Small but perfectly formed

Reed's Lilliput books and a 20 cent coin

What is it about unusually small things that make them inherently attractive and collectable? I have in my possession three diminutive books and their novelty size is the only real reason I hold on to them.

In the 1960s and 1970s, New Zealand publishing house A.H. & A.W. Reed produced a series of tiny books measuring 35 by 50 millimetres. The series included a Māori-English dictionary, a book of Māori place names and another of Māori proverbs, all of which I own. Amazingly, they contain between 500 and 600 pages within their bright vinyl covers.

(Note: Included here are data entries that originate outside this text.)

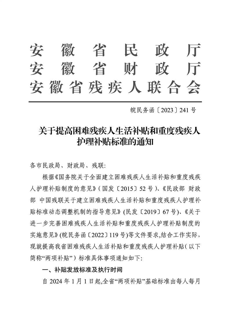 【救助标准】困难残疾人生活补贴和重度残疾人护理补贴(2024年)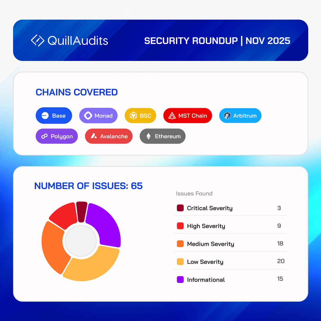 In this November edition of Quill Sentinel, we uncovered 65 vulnerabilities across eight major chains, analyzed a key DeFi exploit, launched the Real-World Assets Handbook, and expanded collaborations aimed at strengthening the global security ecosystem.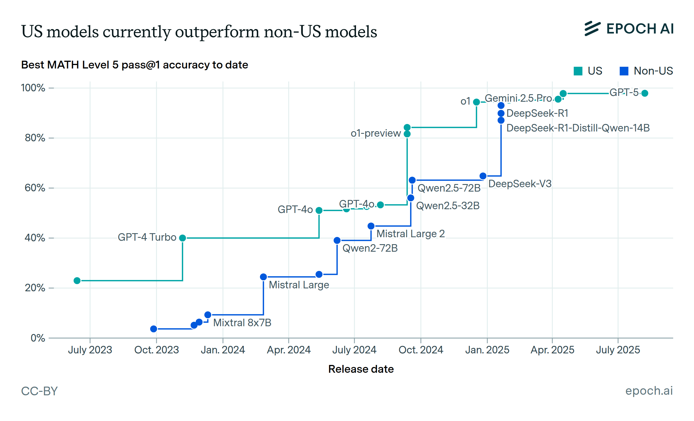 However, with the release of DeepSeek-R1 in January 2025, the gap between US and non-US models has reduced substantially: DeepSeek-R1 trails behind o3-mini by only 2 percentage points on MATH Level 5, and scores only 4 percentage points lower than o1 on GPQA Diamond.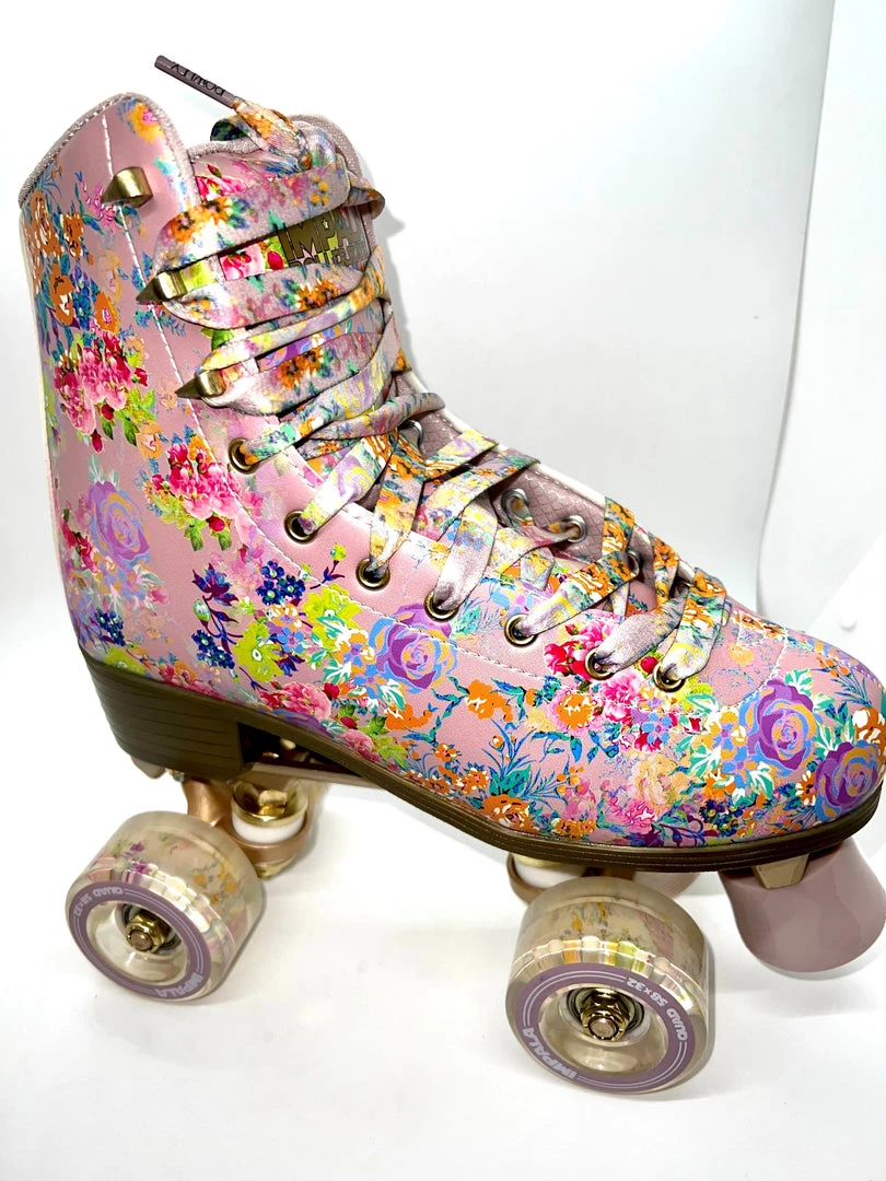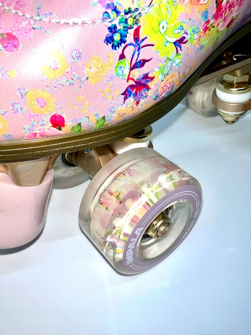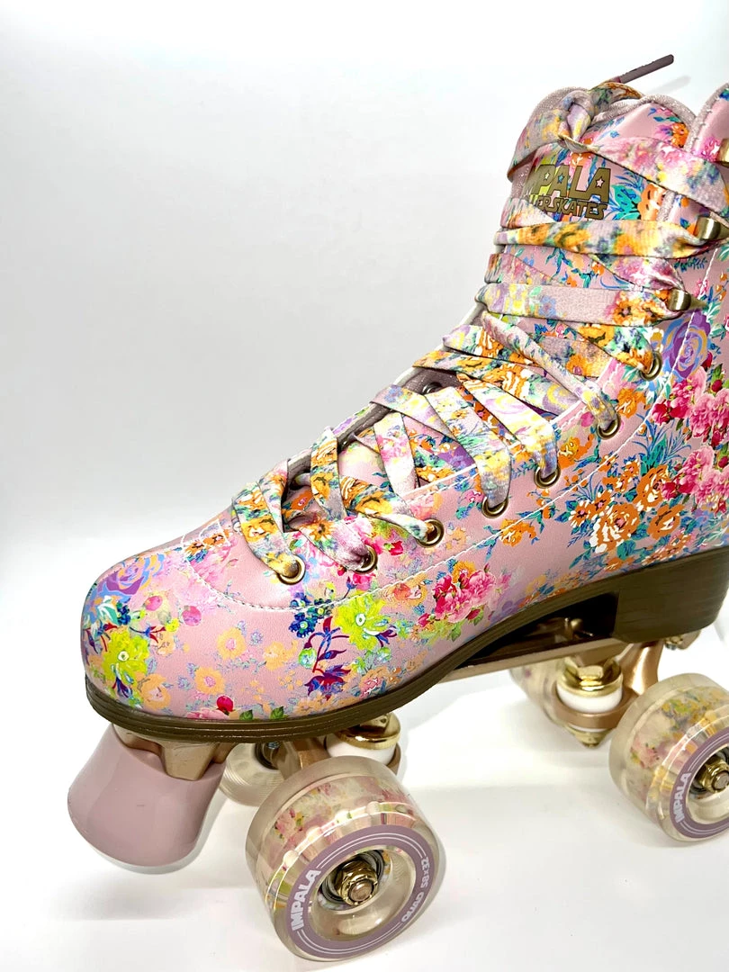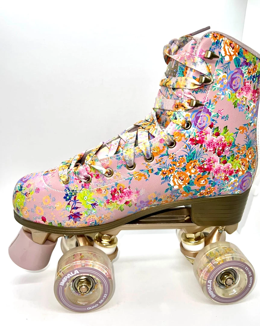Impala Rollerskates Aqua Impala Quad Roller Skates cuz you’re drifting on a dream! These quad roller skates have PVC uppers, heels and soles, metal speed lace eyelets, aluminum alloy trucks and baseplates, 58mm 82a durometer nylon core urethane wheels, ABEC 7 bearings, and PU brake stoppers.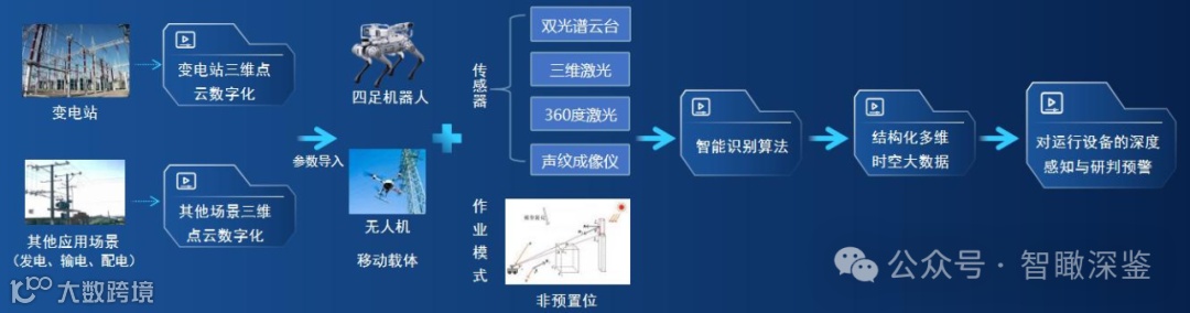 四足巡检机器人,搭载了高清可见光相机、红外热成像仪、局部放电传感器等设备,可实时获取巡检设备运行状态,并与控制中心进行实时数据交互,满足机房的智能化巡检和维护需求。可完成日常巡检、故障诊断、预警报警等多种任务。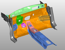 A A A Volume : 44 Part : 2 Use of sound “Phonons” in the modelling and optimization of automo- tive acoustic systems in 3DR.Morris-Kirby 1 Adler Pelzer Group Gmbh Advanced Acoustics Research Laboratory Padstow, Cornwall, England E.Harry 2 Adler Pelzer Group Gmbh Advanced Acoustics Research Laboratory Padstow, Cornwall, EnglandABSTRACT Automotive manufacturers demand components with an ever higher acoustic performance combined with lower environmental impact, tuned to the emerging EV market, and are pres- sured into reducing lead times and prototype investment. Consequently, there is a desire for enhanced simulation techniques, utilizing advanced methods. The three-dimensional aspect of many palliative treatments can be shown to afford significant benefits to their acoustic perfor- mance, both in their transmission loss and random incidence absorption characteristics.Virtual system engineering enables construction fundamentals to be created in CAD, but often acoustic treatments are chosen based on flat sample performance or simple power balance models. These do not tell the complete story. Current acoustic simulation techniques such as SEA, may present the model in a 3D environment to aid in visualization but, solving is done on a 2D matrix basis, and does not account easily for diffusion and refractive interaction caused by the complex shape of the component under investigation. BEM and FEM techniques are 3D based simulations but have a host of limitations due to mesh density and available processing power. Constructing models of individual palliatives such as wheel arch liners, dash insulations or carpets using such techniques may be of academic interest but of restricted use in the pres- sured world of component design and manufacture. It is not helped by the need to furnish the model with accurate, validated, material performance data. A modelling procedure was re- quired that could import component CAD from the product design team and rapidly create an acoustic model that could accurately predict its performance in both a transmission loss suite and associated random incidence “Alpha cabin” absorption test. Thus, short circuit the need for at least one if not more prototype test phases or enable quotations for new business to be formulated with a higher degree of clarity. Subsequently to export results from this model into a range of “full vehicle” modelling environments or compare to prototype test results. After considerable research the authors created and validated a toolbox approach using a com- bination of open-source code together with bespoke modifications and defined processing pro- cedures.1 Rod.morris-kirby@adlerpelzer.com2 Evan.Harry@adlerpelzer.comworm 2022 1. INTRODUCTIONThe approach discussed in this paper can be considered similar to that of ray-tracing, however instead of sound rays, imaginary particles called Phonons are used to carry the energy, similar to Quantum mechanics. In the ray-tracing method, each sound beam carries an intensity whose amplitude decreases propor- tionally with the square of the propagation distance, thus simulating the acoustic radiation of a spher- ical source via geometrical dispersion. Whereas each Phonon carries an elementary energy ǫ, the amplitude of which does not vary as a function of the propagation distance. The physical phenomena likely to occur during propagation (reflection, absorption, diffusion, atmospheric absorption) are not considered in the same way in the two approaches. In the "sound rays" approach, these phenomena take the form of a weighting applied to the sound intensity carried by a ray. For example, in contact with an absorption coefficient wall α, the intensity of the radius after reflection will be weighted by the coefficient (1- α). In the Phonon approach, some of these physical phenomena can be considered probabilistically. In contact with a surface whose absorption coefficient is α, the Phonon may for example have a proba- bility (1- α) to be reflected, and a probability α to be absorbed. In the latter case, it disappears from the domain of propagation. One of the major advantages of the concept of Phonons lies, above all, in considering the diffuse reflections on the walls and the diffusion reflection by congested areas, such as inside a complex structure like an instrument panel or a wheelhouse or engine bay. In the sound ray methods, the reflection by the walls is determined by image-source methods that only allows "specular" type reflections, perfectly deterministic, and this prohibits considering the phenomena of "diffuse reflection". In the Phonon approach these diffuse reflections are considered in a probabilistic way and the reflex angle can be chosen according to a variety of arbitrary reflection laws, examples shown on figure 1. It was found that the Lambert reflection law was the most suitable for our automotive studies.at) 2 @Figure 1. Reflection Laws available. It is also the same in considering the diffusion by objects distributed in the medium of propagation (such as the power unit in an engine bay for example). In the "sound rays” approach, it is necessary to know exactly the shape and the position of the object to calculate in a deterministic manner the angle of reflection of a sound beam on the object. In the phonon approach, scattering objects can be considered statistically, with no knowledge other than their spatial distribution and mean shape,worm 2022 which significantly reduces the costs in terms of calculation and definition of the field of study. This statistical (or probabilistic) description, which can be generalized to most of the physical phenomena involved in the propagation of sound, is therefore the great strength of the “phonon" approach to the "sound rays" approach.2. THE I-SIMPA GUIThe open-source code “ i-Simpa ” [2] enables the creation of an acoustic model using Phonons and this application also includes access to the Tetrahedral “mesher” and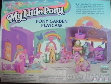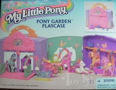 The Pony Garden Playcase was released in 1997. It used the same mold as the vintage Littlest Pet Shop zoo. It came with a pink butterfly, two green fences, pink pie, blue basket, pink apples, and two pink flower clips. In the U.S. it did not come with any ponies. In Spain, the playcase came with Seabreeze. The Spanish case was also in reverse colors.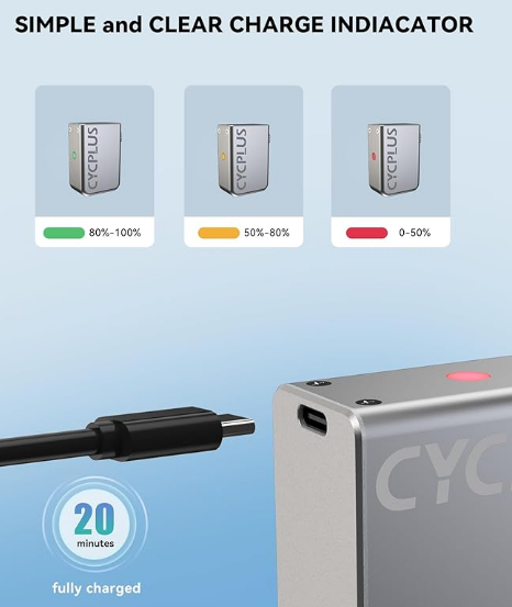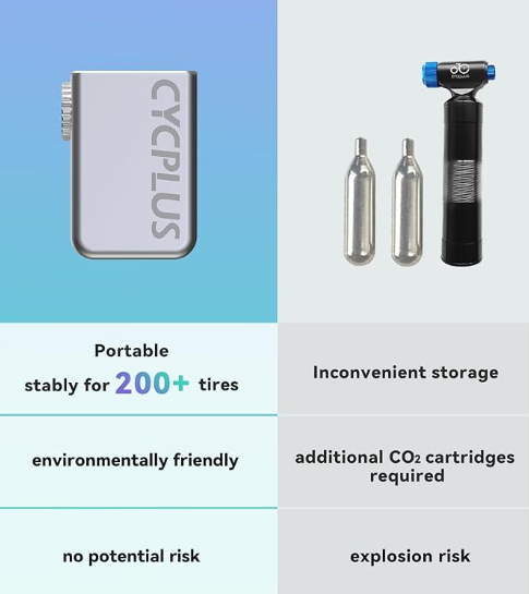 【Rechargeable Battery】: It takes only 20 minutes to fully charge. Once fully charged, it can inflate two 700*25C tires from 0 to 80 Psi.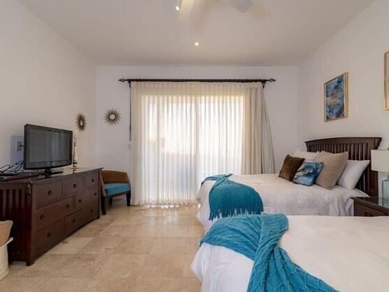 Primary suite includes king bed, workspace, entertainment center, and en-suite bath with double marble vanity, glass-enclosed shower, and soaking tub. Guest bedroom offers two queen beds and private bath. Guest bathroom located off main corridor.

Quaintly branded ‘Lilliput’ after the island inhabited by miniature humans in Jonathan Swift’s Gulliver’s travels (1726), the wee volumes were published with tourists in mind. They were very popular – according to Gavin McLean’s book Whare raupo: the Reed Books story, the Lilliput Maori dictionary sold 61,200 copies in the 1970s. Despite this, they became too expensive to produce and Reed decided to stop publishing them in 1977.

I wonder how many buyers actually read these books. And how reliable is the information they contain? Reed worked with Māori scholars and leaders when publishing their extensive catalogue of Māori books and while the company’s approach would probably not stand up today (owner Clif Reed, whose knowledge of te reo Māori was sparse, wrote all three of my books) by the standards of the time they were pretty consultative. I’d love someone with the requisite expertise to put these books to the test.